= Beginning of Section =

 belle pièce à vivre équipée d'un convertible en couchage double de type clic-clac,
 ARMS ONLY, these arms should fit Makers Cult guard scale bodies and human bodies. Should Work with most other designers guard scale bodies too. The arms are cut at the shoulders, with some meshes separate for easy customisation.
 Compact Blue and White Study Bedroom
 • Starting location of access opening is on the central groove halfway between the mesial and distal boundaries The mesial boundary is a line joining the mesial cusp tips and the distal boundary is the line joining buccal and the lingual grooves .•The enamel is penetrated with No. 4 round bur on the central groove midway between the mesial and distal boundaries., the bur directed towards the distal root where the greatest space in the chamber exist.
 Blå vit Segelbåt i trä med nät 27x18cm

= End of Section =
= Beginning of Section =

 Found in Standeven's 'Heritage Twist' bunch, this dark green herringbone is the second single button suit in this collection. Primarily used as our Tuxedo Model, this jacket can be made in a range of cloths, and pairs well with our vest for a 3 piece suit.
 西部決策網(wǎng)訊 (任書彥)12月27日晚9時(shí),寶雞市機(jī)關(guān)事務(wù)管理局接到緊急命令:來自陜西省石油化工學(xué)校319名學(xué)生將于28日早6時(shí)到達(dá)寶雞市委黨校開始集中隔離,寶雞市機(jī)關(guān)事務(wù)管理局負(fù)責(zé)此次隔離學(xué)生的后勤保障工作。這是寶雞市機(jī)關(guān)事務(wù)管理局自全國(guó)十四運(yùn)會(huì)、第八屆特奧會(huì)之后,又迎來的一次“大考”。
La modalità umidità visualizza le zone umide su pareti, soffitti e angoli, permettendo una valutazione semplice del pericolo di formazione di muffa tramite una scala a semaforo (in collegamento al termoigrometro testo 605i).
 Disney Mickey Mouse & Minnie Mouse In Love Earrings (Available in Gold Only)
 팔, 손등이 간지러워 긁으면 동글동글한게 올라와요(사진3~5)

= End of Section =

# [WHAT TO WORK ON]
Your answer should be the lines of the material above that include "with".

# [WRITTEN REPLY]
 ARMS ONLY, these arms should fit Makers Cult guard scale bodies and human bodies. Should Work with most other designers guard scale bodies too. The arms are cut at the shoulders, with some meshes separate for easy customisation.
 • Starting location of access opening is on the central groove halfway between the mesial and distal boundaries The mesial boundary is a line joining the mesial cusp tips and the distal boundary is the line joining buccal and the lingual grooves .•The enamel is penetrated with No. 4 round bur on the central groove midway between the mesial and distal boundaries., the bur directed towards the distal root where the greatest space in the chamber exist.
 Found in Standeven's 'Heritage Twist' bunch, this dark green herringbone is the second single button suit in this collection. Primarily used as our Tuxedo Model, this jacket can be made in a range of cloths, and pairs well with our vest for a 3 piece suit.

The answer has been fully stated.